Saved entries:
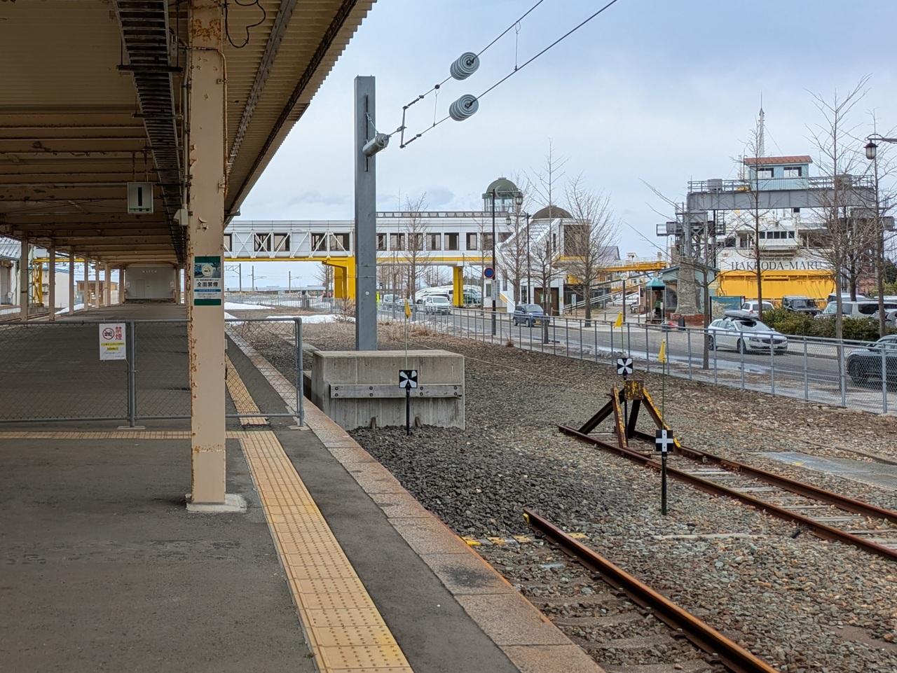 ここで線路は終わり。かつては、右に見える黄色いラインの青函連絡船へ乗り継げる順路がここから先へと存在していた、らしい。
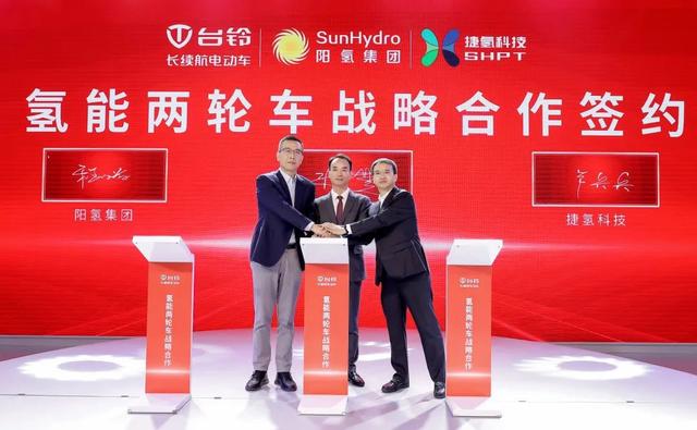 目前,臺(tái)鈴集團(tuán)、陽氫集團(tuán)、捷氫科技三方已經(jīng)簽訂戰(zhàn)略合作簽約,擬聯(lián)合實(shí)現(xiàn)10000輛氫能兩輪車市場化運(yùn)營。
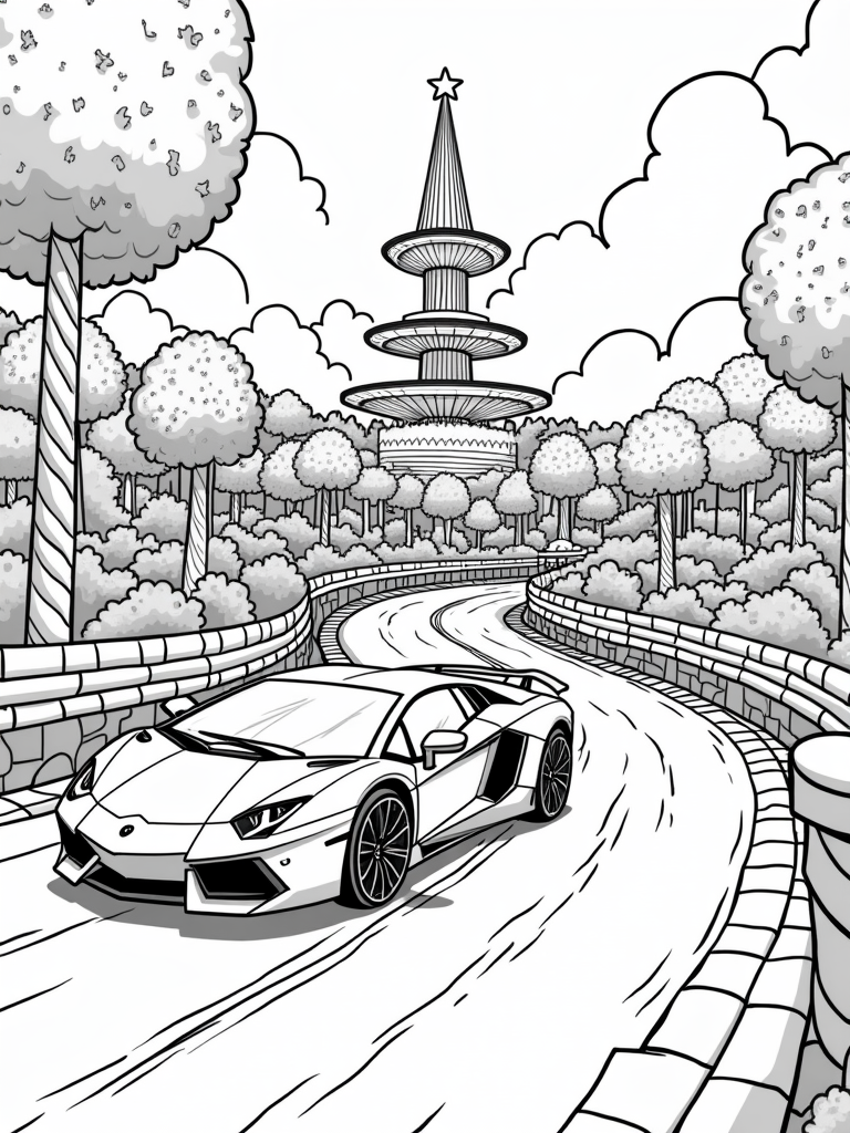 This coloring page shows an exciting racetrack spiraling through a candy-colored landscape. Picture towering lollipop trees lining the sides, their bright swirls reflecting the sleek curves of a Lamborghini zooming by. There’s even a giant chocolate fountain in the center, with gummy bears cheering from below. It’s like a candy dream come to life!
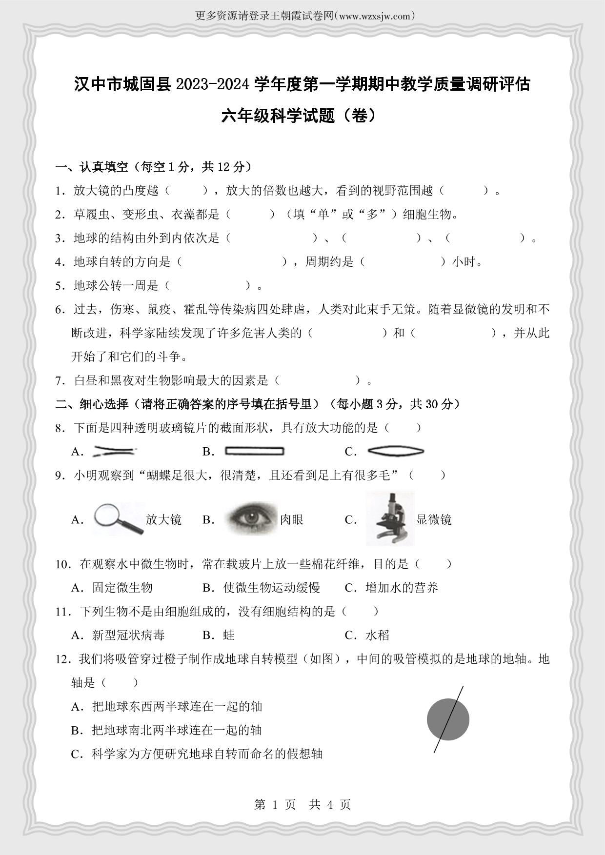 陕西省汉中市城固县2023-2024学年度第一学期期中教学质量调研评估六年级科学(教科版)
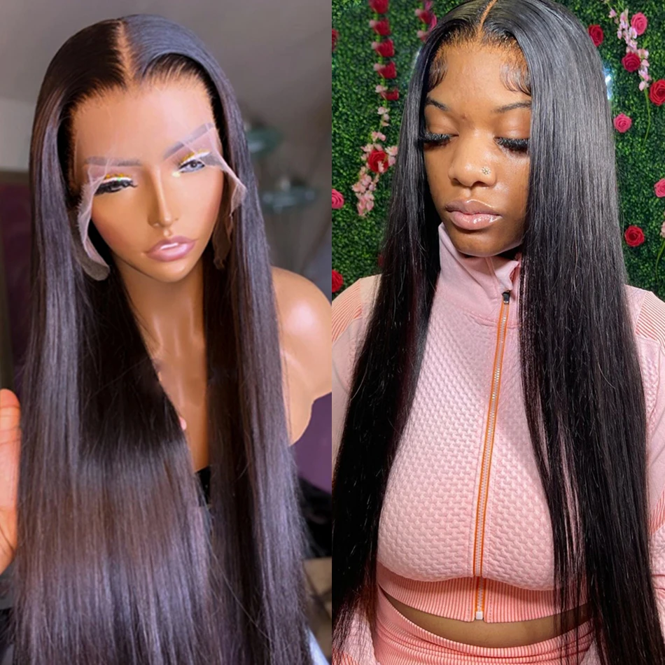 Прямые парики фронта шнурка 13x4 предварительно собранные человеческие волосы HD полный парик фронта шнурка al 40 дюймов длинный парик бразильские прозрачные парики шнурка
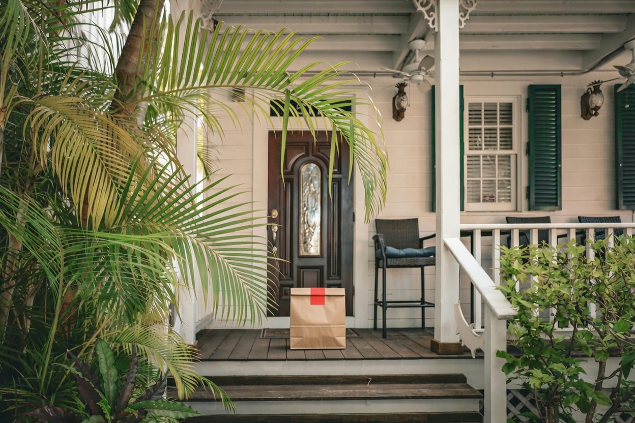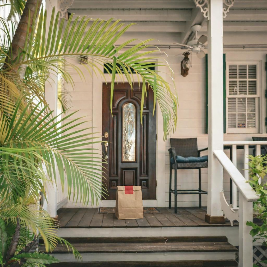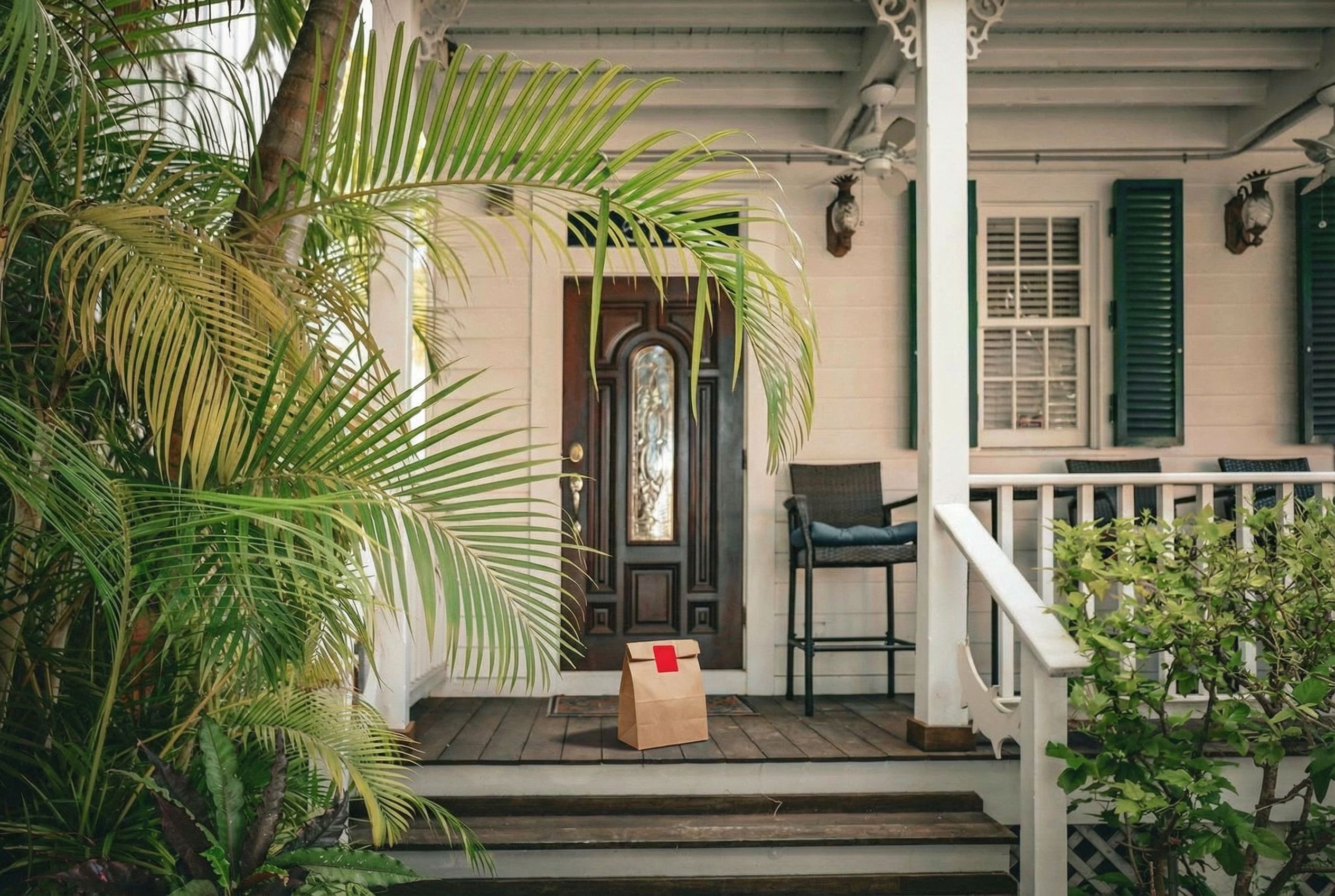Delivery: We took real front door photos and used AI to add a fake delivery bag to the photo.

• [Exercise instructions] A verbatim copy is needed of the lines running from the line with "陕西省汉中市城固县2023-2024学年" to the end of the data above, both included. Keep the pictures out of it.

• [Written answer]
 陕西省汉中市城固县2023-2024学年度第一学期期中教学质量调研评估六年级科学(教科版)
 Прямые парики фронта шнурка 13x4 предварительно собранные человеческие волосы HD полный парик фронта шнурка al 40 дюймов длинный парик бразильские прозрачные парики шнурка
Delivery: We took real front door photos and used AI to add a fake delivery bag to the photo.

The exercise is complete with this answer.